Region: South Carolina Country: USA

About the University:
The University of South Carolina is home to more than 200 years of history and tradition, rising from a single building in 1805 on what would become the heart of the campus, the Horseshoe. The 11 buildings that now make up the Horseshoe frame a lush lawn that is an irresistible gathering place.

The university is expanding west toward the Congaree River in support of its research initiatives in nanotechnology, health sciences, Future Fuels, the environment and information technologies. This innovation district, Innovista, includes a master plan for policy, physical infrastructure and support elements for job creation and growth in the knowledge economy. Innovista promises to be an economic catalyst that will raise the state's per-capita income and quality of life by attracting knowledge-based businesses and high-paying jobs to an urban research university campus within a community that has a high livability appeal.

Joining the flagship campus in Columbia, are four-year campuses in Aiken, Beaufort and Upstate (Spartanburg andGreenville). Four two-year campuses in Lancaster, Sumter, Salkehatchie (Allendale and Walterboro) and Union help the university cover the state.

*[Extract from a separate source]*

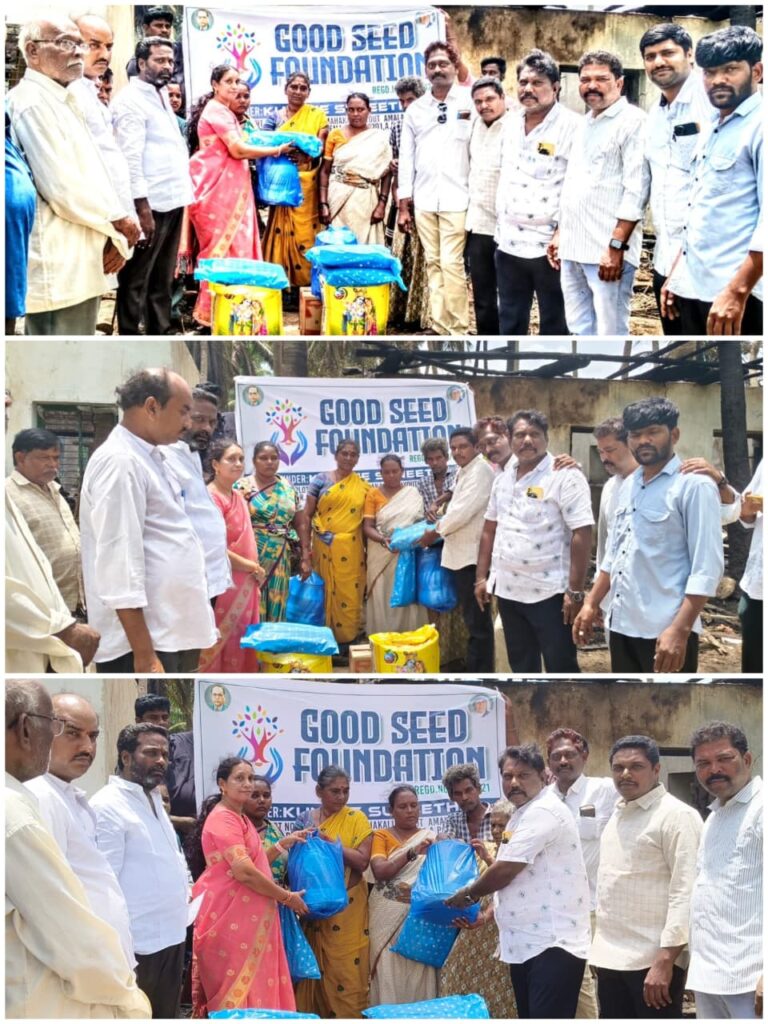 డాక్టర్ బి ఆర్ అంబేద్కర్ కోనసీమ జిల్లా కలెక్టర్ అమలాపురం కామనగరువు పంచాయతీ జంగంపాలెంలో ఆదివారం జరిగిన అగ్ని ప్రమాదంలో తాటాకిళ్లు పూర్తిగా దగ్దమై బాధితులు కట్టుబట్టలతో మిగిలారు.అగ్ని ప్రమాదంలో వాసంశెట్టి పెద్దిరాజు,కుంచే శాంతమ్మ కుటుంబాలు సర్వం కోల్పోయి నిరాశ్రయులు అయ్యారు.విషయం తెలుసుకున్న అమలాపురం నియోజకవర్గ వైఎస్సార్ సిపి సీనియర్ నాయకులు,గుడ్ సీడ్ ఫౌండేషన్ వ్యవస్థాపకులు కుంచే రమణారావు అగ్ని ప్రమాద బాధిత కుటుంబాలకు సాయం అందించారు.సోమవారం బాధిత కుటుంబాలకు సర్పంచ్ నక్కా అరుణకుమారి చంద్రశేఖర్ చేతులమీదుగా బియ్యం,వంట సామాగ్రి,నిత్యావసరాలు,దుస్తులను గుడ్ సీడ్ ఫౌండేషన్ సభ్యులు అందజేశారు.సాయం అందించిన రమణారావుకు బాధిత కుటుంబాలు కృతజ్ఞతలు తెలిపారు.మాజీ సర్పంచ్ నక్కా సంపత్ కుమార్ గ్రామ పెద్దలు చొల్లంగి శ్రీనివాస్,పెద్దింశెట్టి ప్రకాష్,కొప్పిశెట్టి వీరంశెట్టి,కుంచే మోహన్,మెండి ప్రసాద్,ఫౌండేషన్ సభ్యులు పందిరి సుబ్బరాజు,నేరేడుమిల్లి శ్రీనివాస రావు,గంటా లక్ష్మీ ప్రసాద్,కుంచే అర్జున్,పరమట రాజేష్,నెల్లి ప్రసాద్,కుంచే రాజు,పరమట మురళీ కృష్ణ,పరమట నాగరాజు, ముత్తాబత్తుల గణేష్,బల్లా చిన రాజా,విప్పర్తి రమేష్ పాల్గొన్నారు.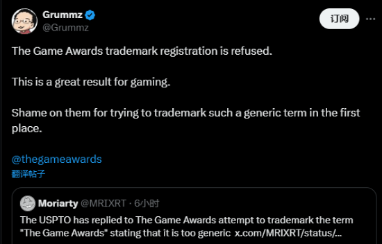 目前,TGA的商标申请已被驳回。美国专利商标局给出的答复是商标名太过于笼统,博主Grummz称TGA试图将通用术语注册为商标的行为太可耻了。

In addition, the University of South Carolina's:

  • Columbia campus has 324 degree programs through its 14 degree-granting colleges and schools.
  • Students have been awarded more than $13.9 million for national scholarships and fellowships since 1994.
  • Faculty generated $218.8 million in funding for research, outreach and training programs in fiscal year 2010. Carolina is one of only 63 public universities listed by the Carnegie Foundation in the highest tier of research institutions in the U.S.

History of the University of South Carolina
Founded in 1801, then-South Carolina College flourished pre-Civil War, overcame post-war struggles, was rechartered in 1906 as a university, and transformed itself as a national institution in the 20th and 21st centuries.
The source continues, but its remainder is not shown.